■ **YOUR ASSIGNMENT**
Repeat exactly the lines of the records below, starting at the line containing "Currently, there are" and ending at the line containing "Бриллиантовые вакуумные сверла". Leave the pictures out.
==========
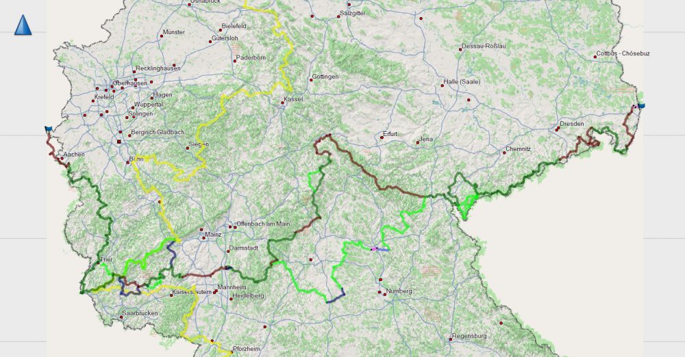 Während @Soulboy seine erste Woche auf dem NordSüdTrail hinter sich hat, war ich nochmal "Schreibtischwandern". Ich präsentiere: Meinen WestOstTrail! ... WestOstTrail Südvariante .... WestOstTrail Südvarianten... ja, ich arbeite an nördlicheren Alternativen ... Wieder: Grün sind zertifizierte Wege, rot nicht zertifizierte. Alternativen diesmal in hellgrün, wenn zertifiziert und blau, wenn nicht. Weglos in pink. Neu in gelb: der NordSüdTrail zur Referenz. Interessant finde ich unsere unterschiedliches Routing ab der Saarschleife. Soulboy läuft da viel unmarkiert - ich frage mich, was er gegen den Veldenz Wanderweg / Remigiuswanderweg / Pfälzer Höhenweg hat Danke fürs Raussuchen; das hat mir den Startschub gegeben, die Punkte zu haben! Mein erster Gedanke zum westlichen Punkt war "ui, so weit im Norden" und der zweite "Ah, grob bei Aachen, da beginnt doch der Eifelsteig" ... beim östlichen dachte ich "na an der Gegend hast du ja schonmal vorbei geplant" Ich musste mal wieder feststellen, wie gut ausgeschildert DE doch mit Wanderwegen ist, die einzigen unmarkierten Strecken sind zu den beiden Termini und durch Bamberg auf der Südlichen der Südvarianten!
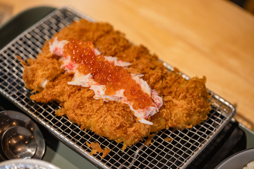 ▲使用日本松葉蟹肉,搭配炸豬排,蟹肉的細嫩與豬排的香脆形成絕妙的口感對比。上面還有鮭魚卵點綴,增添了更多層次的風味。
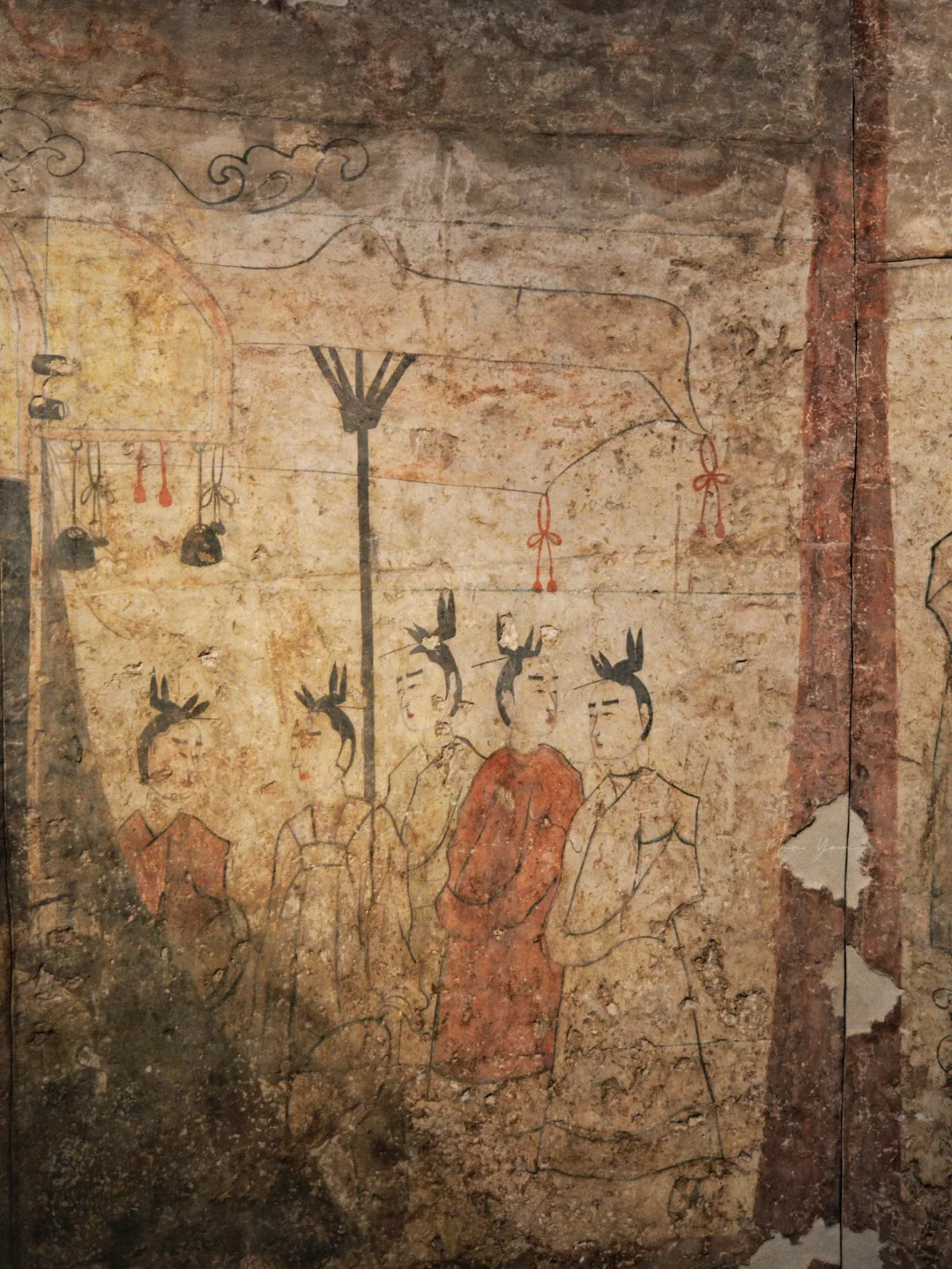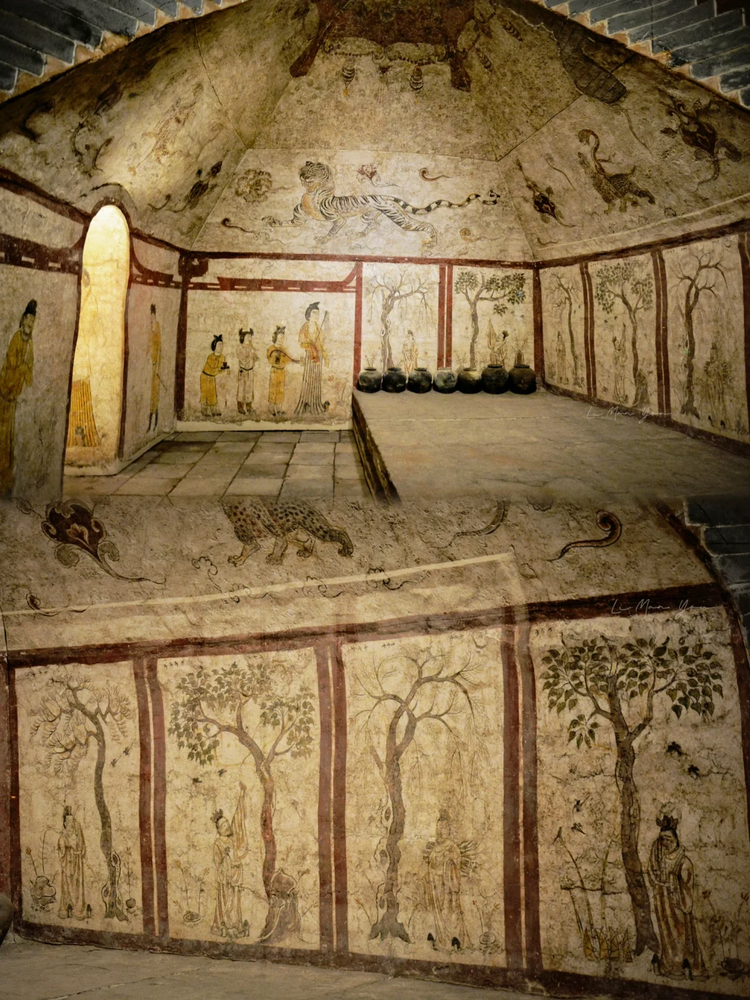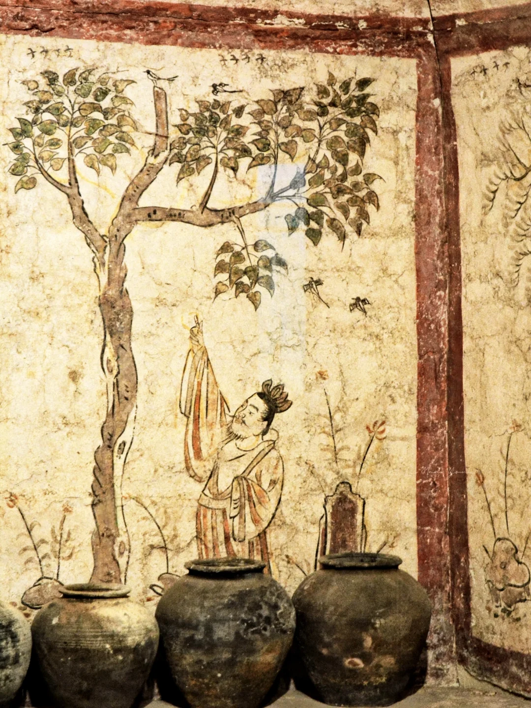 这个墓的壁画保存相当完好,并且瞪大双眼细看,你还会发现🔍古人在树下和你比✌!
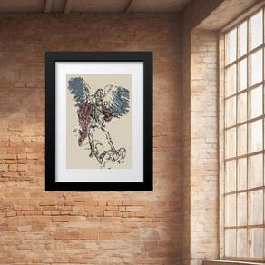 Quadro são miguel arcanjo abstrato- 60x48cm Cor: moldura branca Informações do produto tire todas as suas dúvidas no descritivo abaixo: decoração para quarto, sala, cozinha, escritório, área gourmet e muito mais. Chega de paredes vazias medidas - cada peça tem 60x48cm . Material do papel - papel fotográfico brilhante de altíssima resolução acabamento - todos os quadros são acompanhados de vidro para proteção da imagem. - moldura em madeira maciça na cor preta ou branca conforme produto escolhido e pendurador. - paspatur branco com 7cm de largura - os quadros são embalados de forma segura com plástico bolha com camada dupla de acordo com o tamanho dos quadros. - de 3 meses. Meu quadro chegou. Como posso fixá-lo Você precisa apenas de um martelo e um prego, pois os quadros já vão acompanhados de penduradores. Esta é a forma mais indicada. Como posso limpar meu quadro A limpeza é feita como um móvel comum da sua casa. Apenas um pano seco ou espanador são suficientes para tal
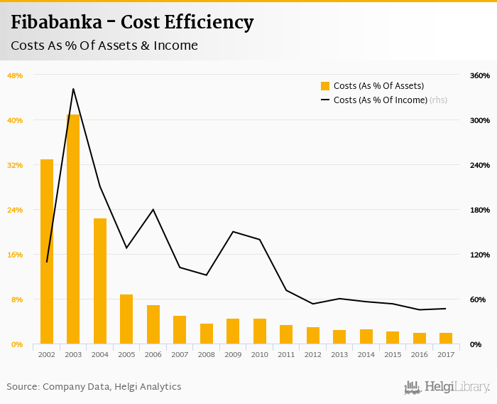 Fibabanka's cost to income ratio reached 46.7% in 2017, up from 45.2% compared to the previous year.
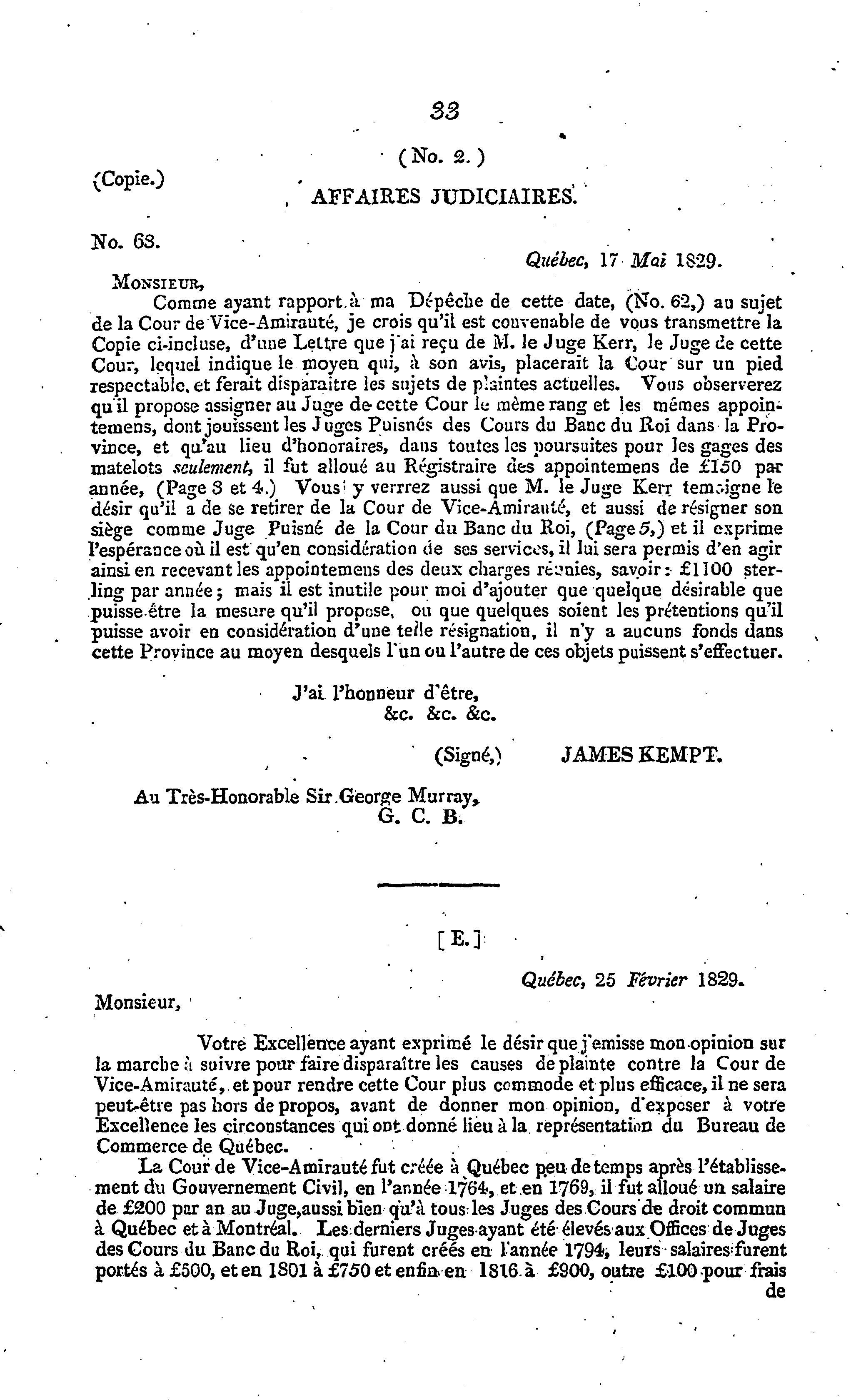 Half-title: Message : Aylmer, Governor in Chief, In compliance with the request of the House of Assembly of the 25th November, the Governor in Chief transmits copies of the correspondence required regardings the Honble. James Kerr, judge of the Court of Vice-Admiralty ... = Message : Aylmer, Gouverneur en Chef, Conformément à la demande contenue dans l'adresse de la Chambre d'assemblée du 25 novembre, le Gouverneur en Chef transmet des copies de la correspondance demandée touchant l'Honble. James Kerr ..., juge de la Cour de vice-amirauté ...
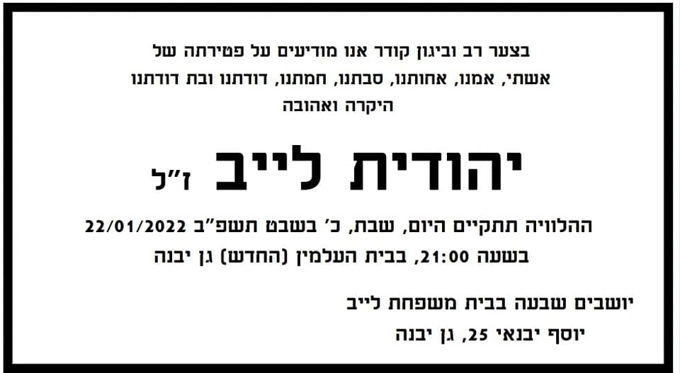 יהודית לייב, תושבת גן יבנה, ודמות מוכרת בישוב, הלכה לעולמה לאחר מאבק קשה וארוך במחלה קשה. הלווייתה התקיימה היום, מוצ"ש 22/01/2022 בשעה 21:00 בבית העלמין גן יבנה.
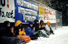 ![]() 张秀莲(左一)坐在雪地静坐抗议 |
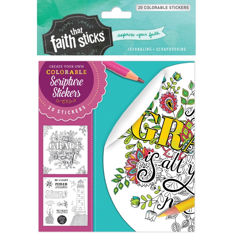 Capture the benefits of coloring and the creativity of journaling at the same time. Colorable stickers are a brand-new way to create and display art as a tangible reminder of Gods Word in daily life.Each package contains two sheets of each unique Scripture-related design (four sheets per package, 20 colorable stickers total) for use in scrapbooking, Bible journaling, card making . . . or just for fun!
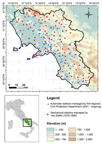 Currently, there are about 160 automatic stations in Campania operated by the regional Civil Protection Department, with a mean coverage of about one station per 90 km2. However, the density of the network is quite uneven over the region (Figure 1). All of the new automatic stations show a record length of at least nine years. The acquisition of the rainfall data is made by automatic pluviometers providing collections of precipitation measures directly in digital format [10], with a time resolution of 10 min.
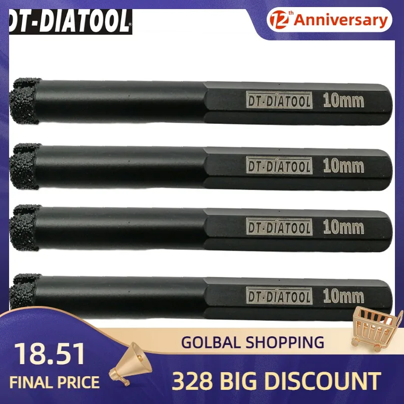 Бриллиантовые вакуумные сверла с шестигранным хвостовиком диаметром 10 мм, 4 шт., для влажного сверления камня, гранита, мрамора, керамикиплитки, пила для отверстий
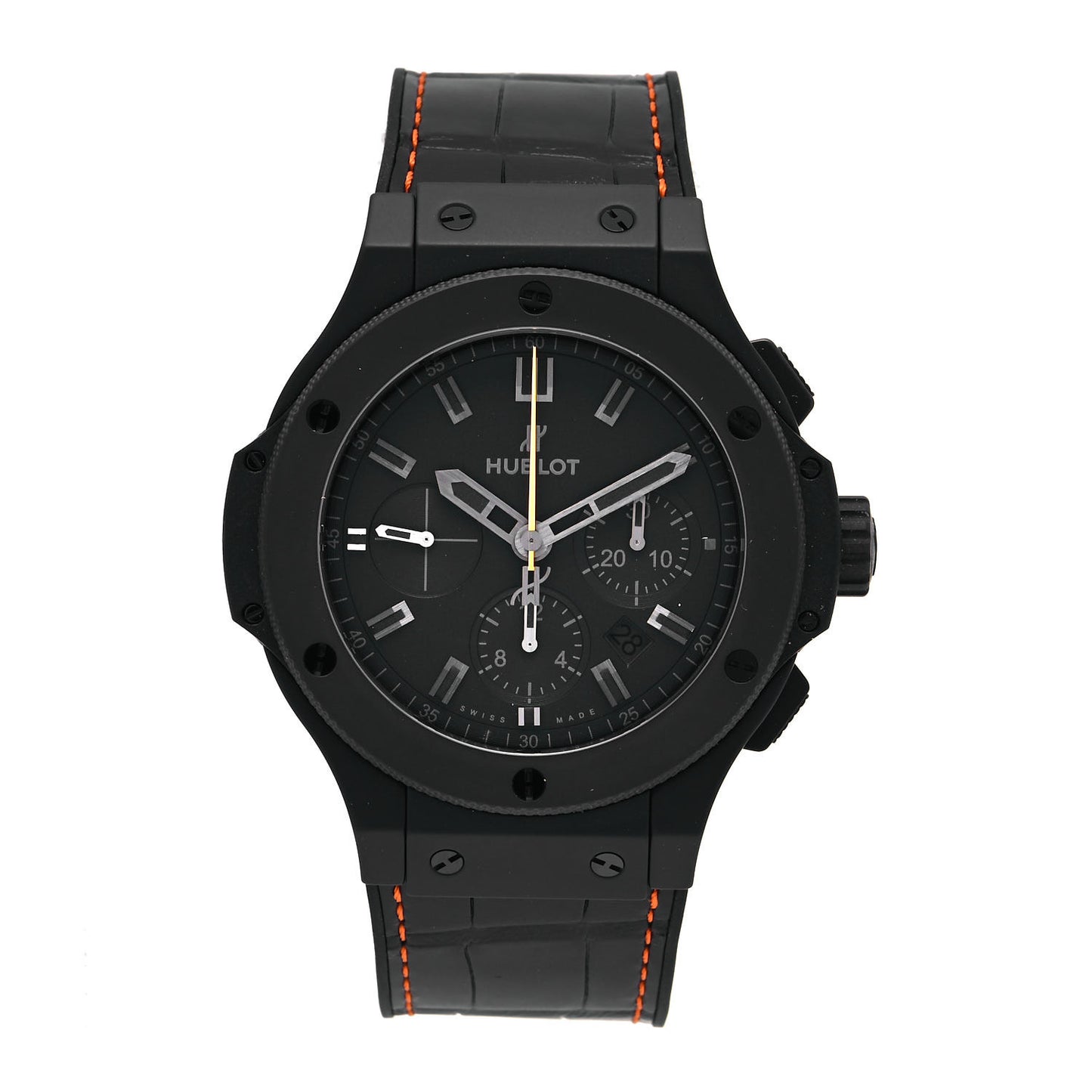 This is an authentic HUBLOT Ceramic Alligator 44mm Big Bang Limited Edition "Veuve Clicquot" Automatic Watch. The watch is crafted of black ceramic and matte black alligator strap with orange stitching, and features a black dial with orange accents, ceramic bezel, rubber crown and pushers, sapphire crystal, and an automatic chronograph movement.Follow this item for alerts. Hublot is a registered trademark of Hublot. FASHIONPHILE is not affiliated with Hublot.
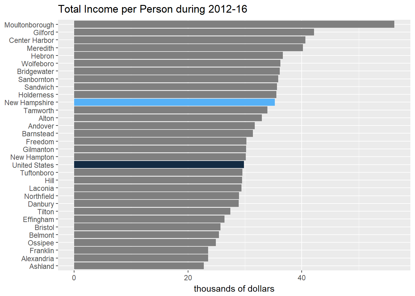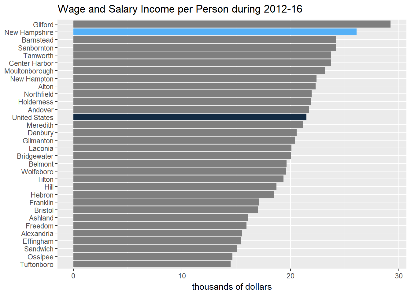 The chart below illustrates that all but one Lakes Region town rank below New Hampshire in per-capita wage and salary income, which suggests relative lack of job opportunity in the area. Only Gilford rank higher than the rest of the state. In addition, a majority of the towns in the region rank below the United States. It speaks volumes about lack of jobs, in particular high-paying jobs.
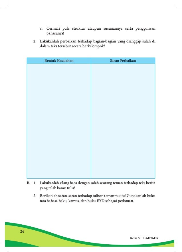Lakukanlah Silang Baca Dengan Salah Seorang Teman Terhadap Teks Berikut Yang Telah Kamu Tulis - Buku Siswa Mata Pelajaran Bahasa Indonesia Berbasis K 13 Kelas Viii : Lakukanlah silang baca dengan salah seorang teman terhadap teks berikut yang telah kamu tulis.
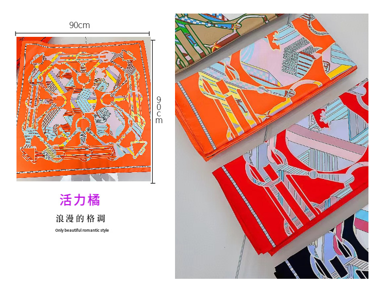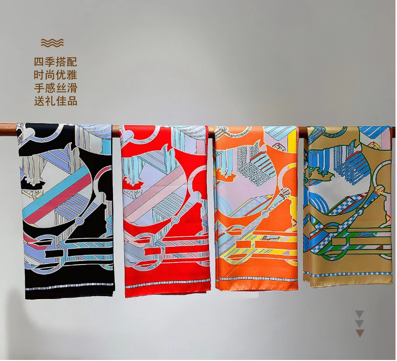 실크 스카프 여성용 뉴 90cm 헤드 스카프 수제 컬링 브랜드 인쇄 선 스크린 스카프 모조 실크 대형 스퀘어 도매스토어 가기
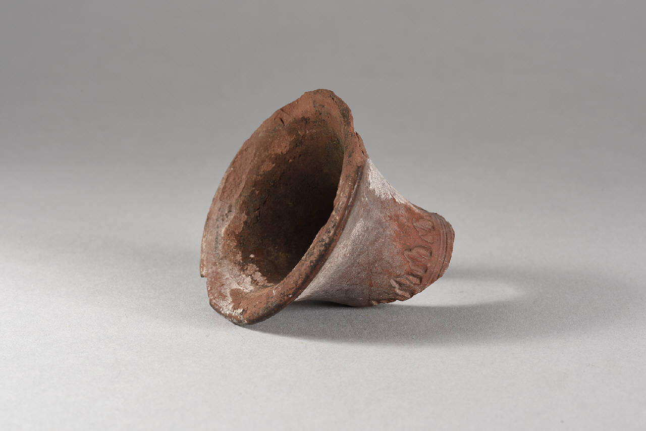 Frammento di fornello di pipa in ceramica decorato con motivi vegetali. Rimane solamente la canna del fornello.
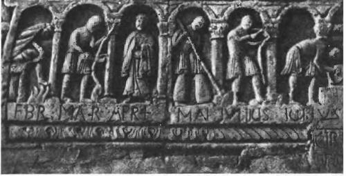 Труды двенадцати месяцев. Тимпан портала собора Сент Урсэ в Бурже. Первая половина 12 в.
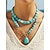 Collar bohemio de turquesa en capas para mujer, gargantilla de cadena de aleación de oro y cuentas de piedra artificial con colgante de lágrima, ideal para vacaciones de playa de verano bohemias y joyería informal diaria.
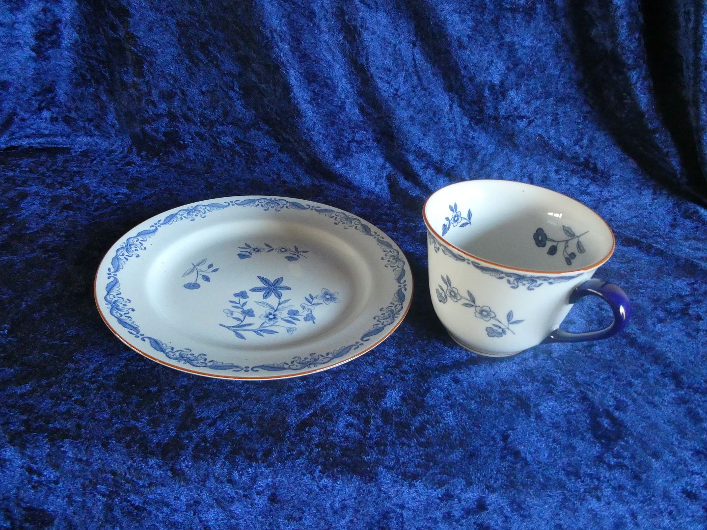 Kaffekrus eller thekrus med hank samt frokost tallerken 21cm, begge dele er i pæn, brugt stand
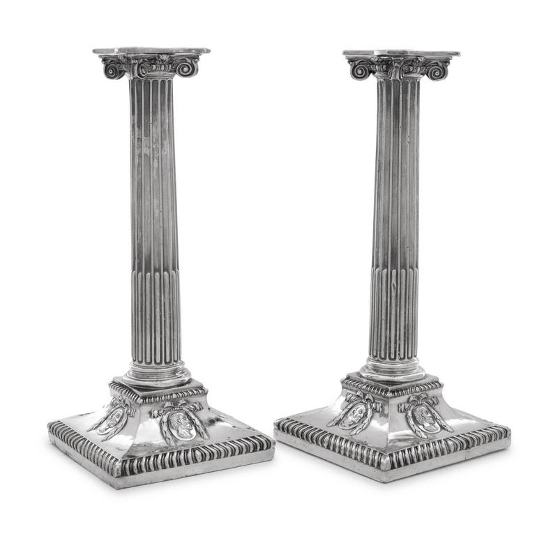 decorated in the George II taste, together with a pair of silver-plate columnar candlesticks.
==========
■ **TASK ANSWER**
 Currently, there are about 160 automatic stations in Campania operated by the regional Civil Protection Department, with a mean coverage of about one station per 90 km2. However, the density of the network is quite uneven over the region (Figure 1). All of the new automatic stations show a record length of at least nine years. The acquisition of the rainfall data is made by automatic pluviometers providing collections of precipitation measures directly in digital format [10], with a time resolution of 10 min.
 Бриллиантовые вакуумные сверла с шестигранным хвостовиком диаметром 10 мм, 4 шт., для влажного сверления камня, гранита, мрамора, керамикиплитки, пила для отверстий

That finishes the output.